Ofatumumab is at the most advanced stage of clinical development. Ofatumumab binds to a unique CD20 epitope, giving rise to a slow off-rate and a high capacity for complement activation. Ofatumumab-induced CDC in RTX-resistant CLL cells and lymphoma cell lines that express high levels of complement defence proteins and/or low levels of CD20.45 In clinical trials, ofatumumab showed improved response rates and progression-free survival, but benefits are still limited. For treatment of follicular and DLBCL, chemotherapy is still required.46,47 If enhancing CDC does not improve anti-CD20 mAb efficacy and RTX resistance is largely dictated by a failure of immune effector cell function, it would seem unlikely that these novel mAb will result in substantial improvements over RTX.

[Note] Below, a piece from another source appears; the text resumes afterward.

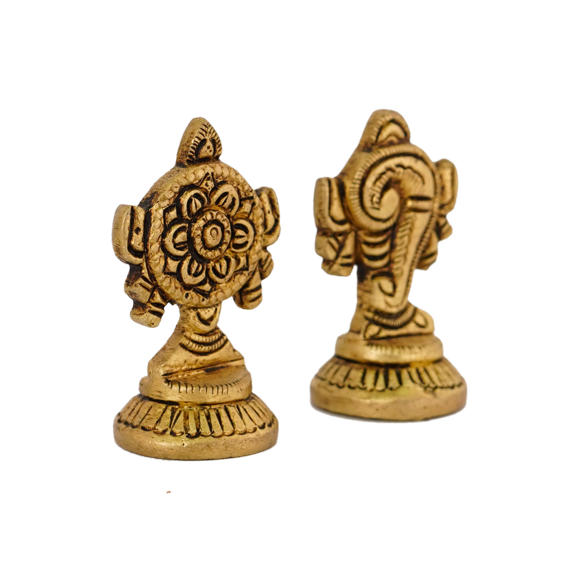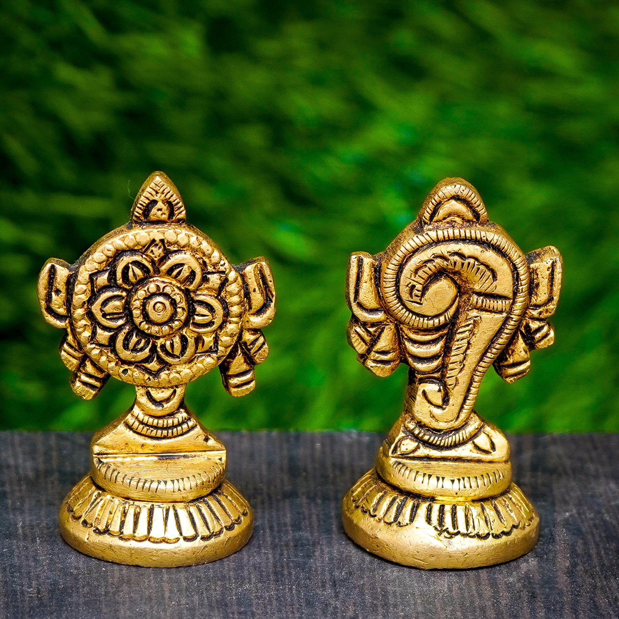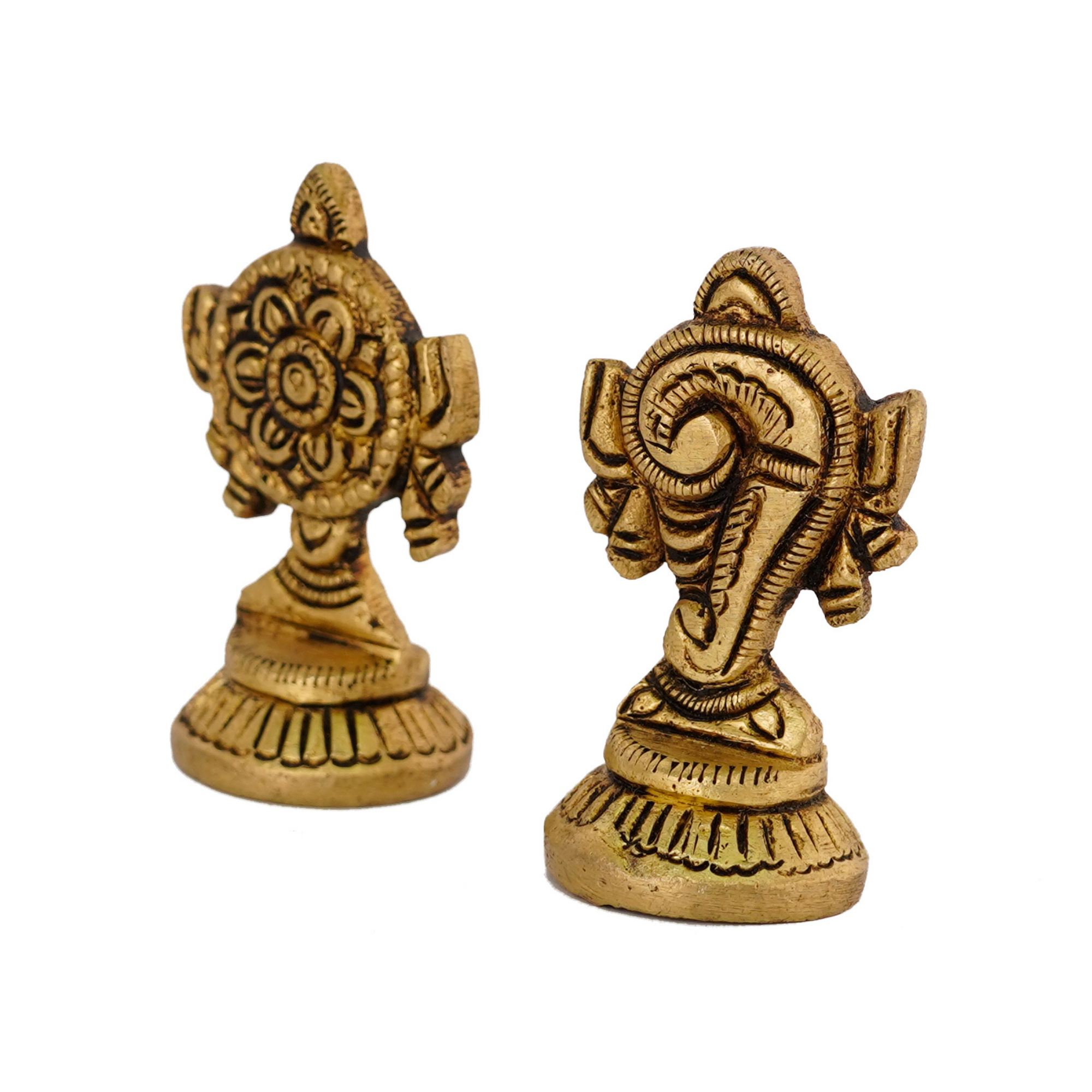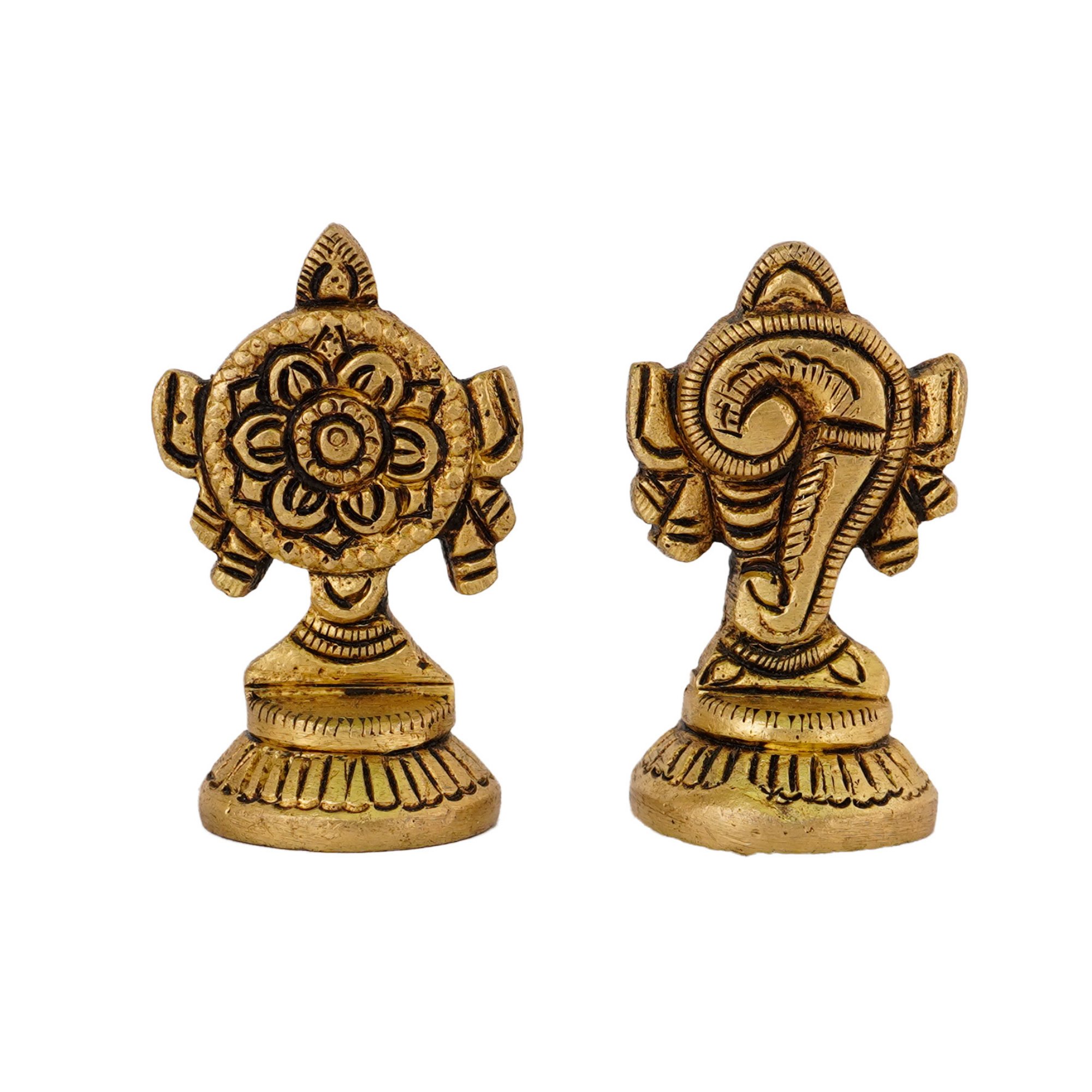 Handcrafted Brass Small Sangu Chakra Set – 2.4 x 1 x 2.1 inches, 140g. A miniature spiritual set featuring sacred Sangu (conch) and Chakra, ideal for home pooja rooms or as a devotional gift.

OBZ has a glycoengineered Fc region that includes nonfucosylated oligosaccharides that interact with FcR, particularly FcRIIIa, which enhances ADCC.48 It has features of a Type 2 anti-CD20 mAb in evoking nonapoptotic programmed cell death in addition to not having a strong ability to translocate CD20 into lipid rafts for complement activation.49 Studies reported superior tumour growth inhibition compared with RTX in lymphoma xenograft models,50 and greater B cell depletion than RTX in nonhuman primates and hCD20 transgenic mice. OBZ is approved for CLL and follicular lymphoma. Despite reports of potent capacity to induce strong ADCC and nonapoptotic programmed cell death, OBZ relies on chemotherapy for optimal outcome. While OBZ-based immunochemotherapy and maintenance therapy resulted in longer progression-free survival than RTX-based therapy in follicular lymphoma, the improvement appeared limited.51 The dependence on chemotherapy might compromise OBZ- mediated ADCC. If enhancing ADCC does not improve anti-CD20 mAb efficacy because of chemotherapy-induced failure of effector cells, the importance of having cytotoxic anti-CD20 Ab capable of eliminating lymphoma cells in the absence of chemotherapy will be heightened.

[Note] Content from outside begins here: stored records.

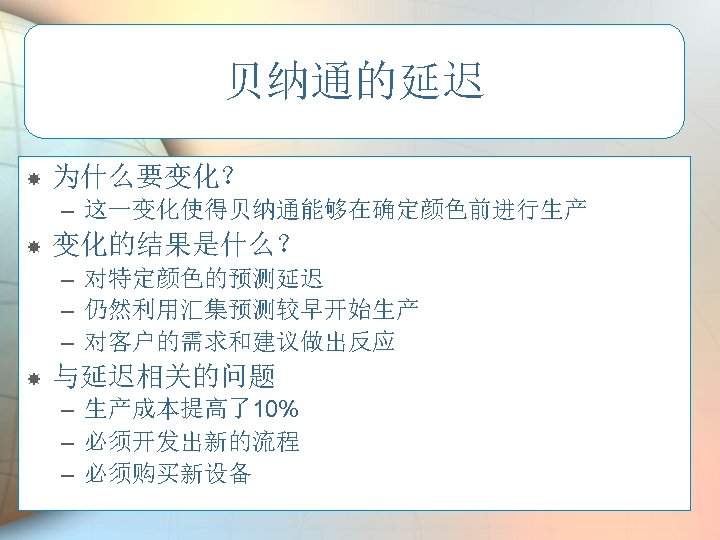 Benetton Postponement Why the change? – The change enables Benetton to start manufacturing before color choices are made What does the change result in? – Delayed forecasts of specific colors – Still use aggregate forecasts to start manufacturing early – React to customer demand suggestions Issues with postponement – Costs are 10% higher for manufacturing – New processes had to be developed – New equipment had to be purchased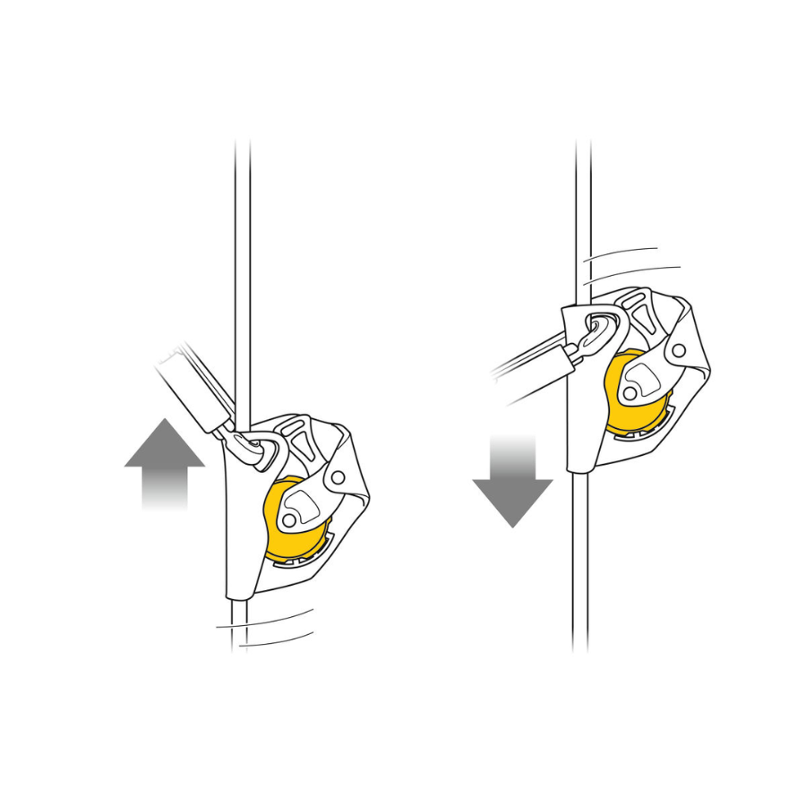 – Se desplaza a lo largo de la cuerda hacia arriba y hacia abajo, sin ninguna intervención manual.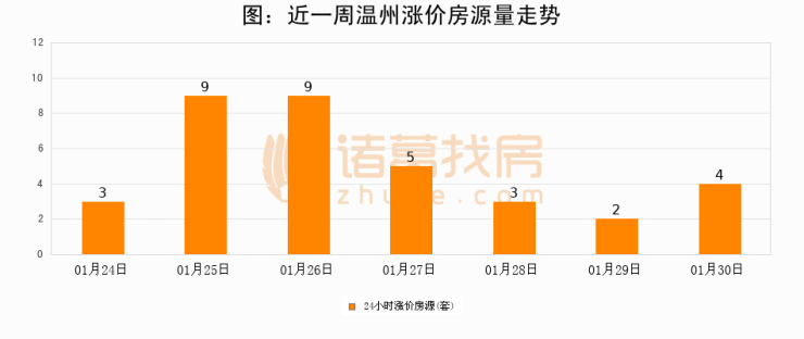 根据诸葛找房数据显示,温州24小时涨价房源量为4套,较01月29日增加2套,环比上涨100%。与此同时,涨价房源占比小幅扩大,业主信心有所提升。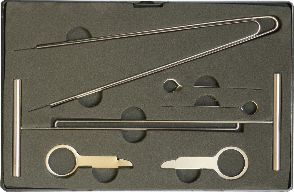 souprava obsahuje nástroje pro demontáž/montáž zámku zapalování, rádia, kabeláže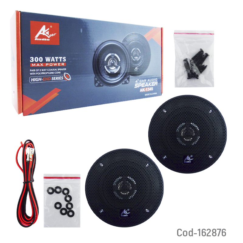 Parlante para auto marca AK-PRO, modelo AK-1345, de 4 pulgadas y 300 Watt el par. Ofrece sonido potente y claro, ideal para mejorar el audio dentro del vehículo. Producto presentado en caja.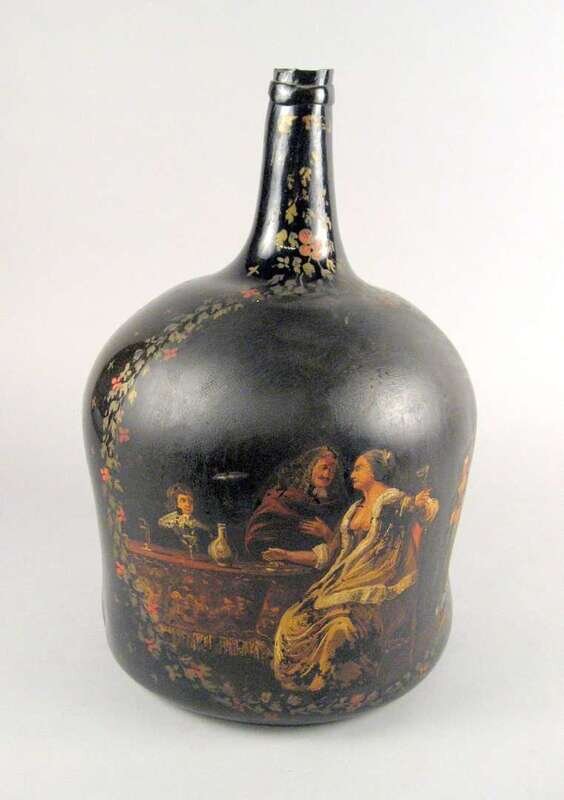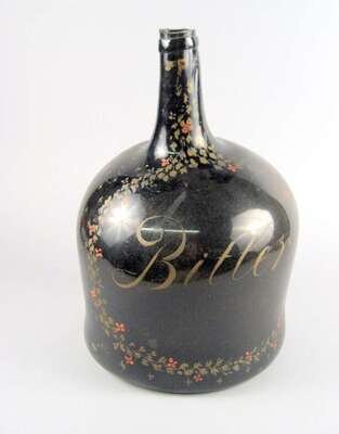 The bulbous brown glass bottle painted with an interior scene of a domestic scene, the reverse inscribed 'Bitter'.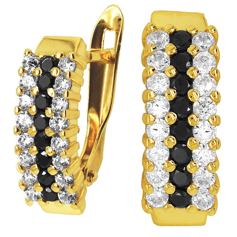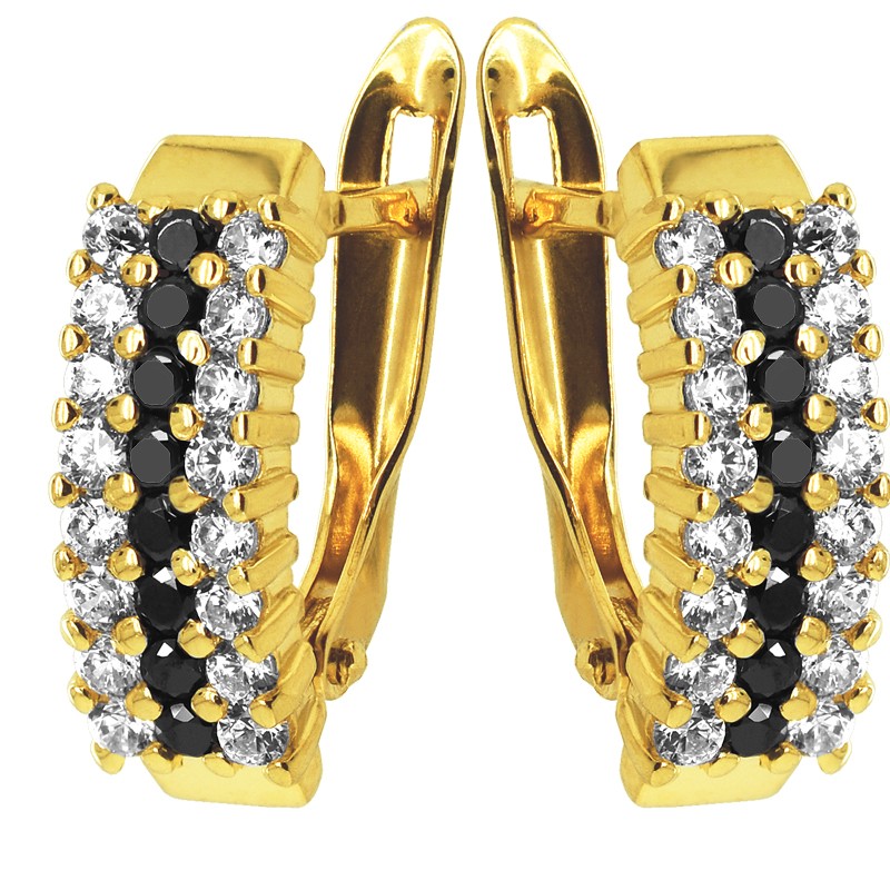Złote kolczyki wielokamieniowe z białymi i czarnymi cyrkoniami S pr.585 2,72

Radioisotope-Labelled Anti-CD20 Antibodies
Radioisotope-labelled anti-CD20 Ab had the potential to be good examples of directly cytotoxic anti-CD20 Ab. Two such Ab have been produced: 90Y-labelled ibritumomab tiuxetan and 131I-labelled tositumomab.52,53 Both Ab were FDA-approved for the treatment of relapsed or refractory follicular lymphoma or transformed B cell NHL. These Ab were highly effective even when used as monotherapy during the treatment of lymphomas refractory to salvage immunochemotherapy at relapse, demonstrating the unmatched potency of cytotoxic anti-CD20 Ab. However, neither Ab is in clinical application because of serious radiation-derived side effects, including bone marrow suppression, severe and prolonged cytopenia, and the sequelae of cytopenia.54,55 Tositumomab and I131 tositumomab were discontinued by the manufacturer in February 2014 and are no longer available.

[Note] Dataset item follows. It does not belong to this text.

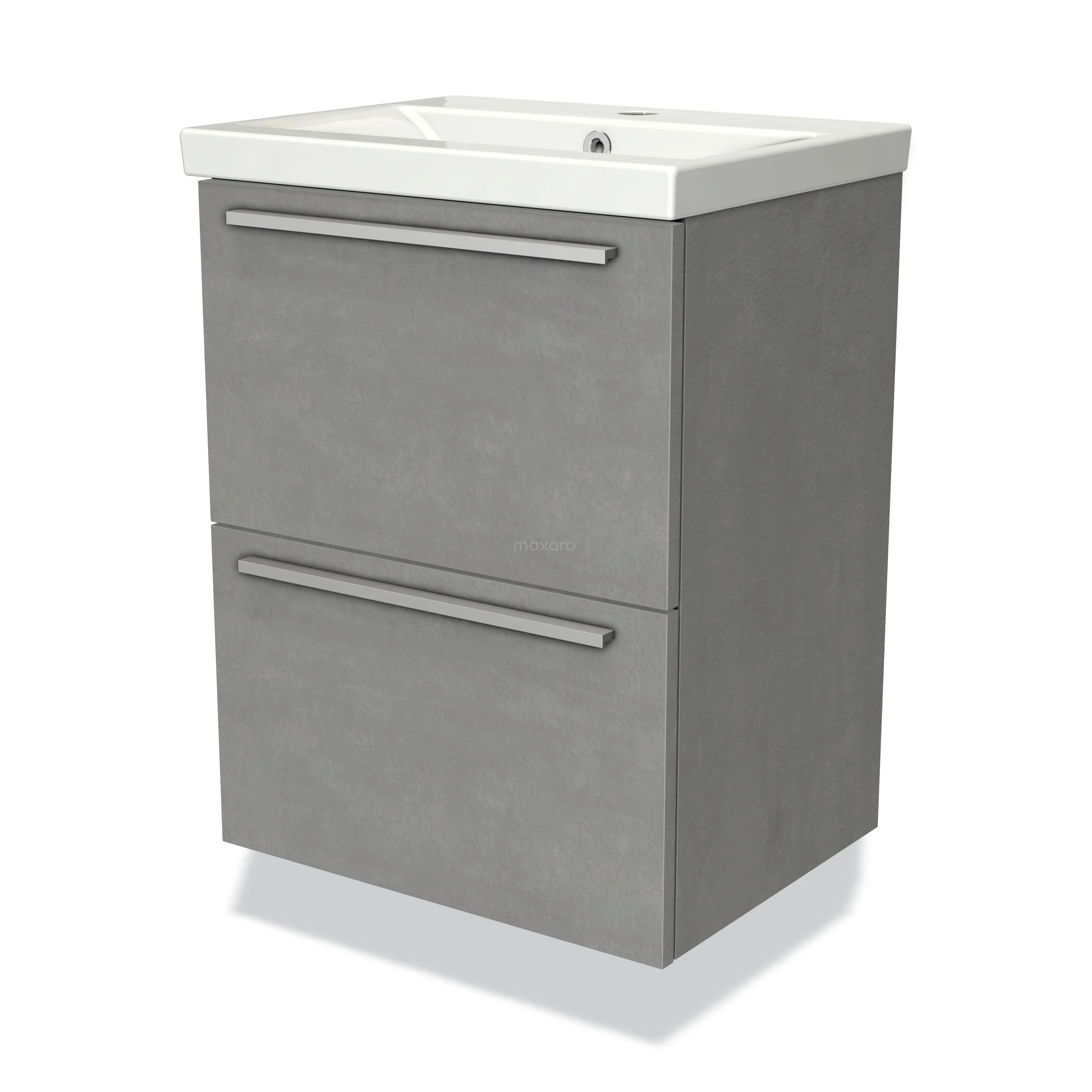 Modulo Slim Bathroom furniture with sink | 50 cm Light grey concrete Flat front Ceramic 2 Stacked drawers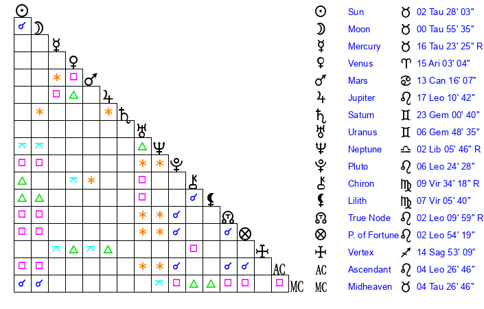 | Mercury | 16 Taurus 25 | 5 Aries 4 | 1 Leo 47 |

OTHER ANTI-CD20 MODIFICATION APPROACHES
Other anti-CD20 modifications have been comprehensively reviewed in recent literature.56 Bispecific Ab, such as anti-CD20/CD3 or anti-CD20/NKGD2L, act through nonspecific activation of conventional or gamma/delta T cells initiating an attack on lymphoma cells. Toxin-combined anti-CD20 can directly attack,57 but because of utilisation of only one CD20-specific single-chain, the avidity of the bispecific Ab for CD20 might be substantially diminished. Various approaches have been taken to generate hypervalent anti-CD20 Ab without using second crosslinking Ab, FcγR, or plate immobilisation. Tetravalent anti-CD20 Ab are generated by genetic engineering.58 The dock-and-lock method has been used to produce hexavalent anti-CD20 antibodies.59 More recently, a two-step method using pretargeting component (anti-CD20 Fab’ conjugated with an oligonucleotide-1) and a subsequent crosslinking component (N-[2-hydroxypropyl] methacrylamide [HPMA] grafted with multiple complementary oligonucleotide-2) has also been reported to generate multivalent anti-CD20 Ab.60 All these different forms of hypervalent anti-CD20 Ab demonstrate enhanced direct antilymphoma activity in culture in the absence of cross-linking antibodies as compared to the native Ab counterparts, which is manifested as enhanced antiproliferative and apoptosis-inducing activity. However, direct cytotoxicity is not reported. In animal experiments using severe combined immunodeficiency mice, both the dock-and-lock and two-step pretargeting components generated multivalent anti-CD20 Ab and inhibited lymphoma progression in the absence of chemotherapy.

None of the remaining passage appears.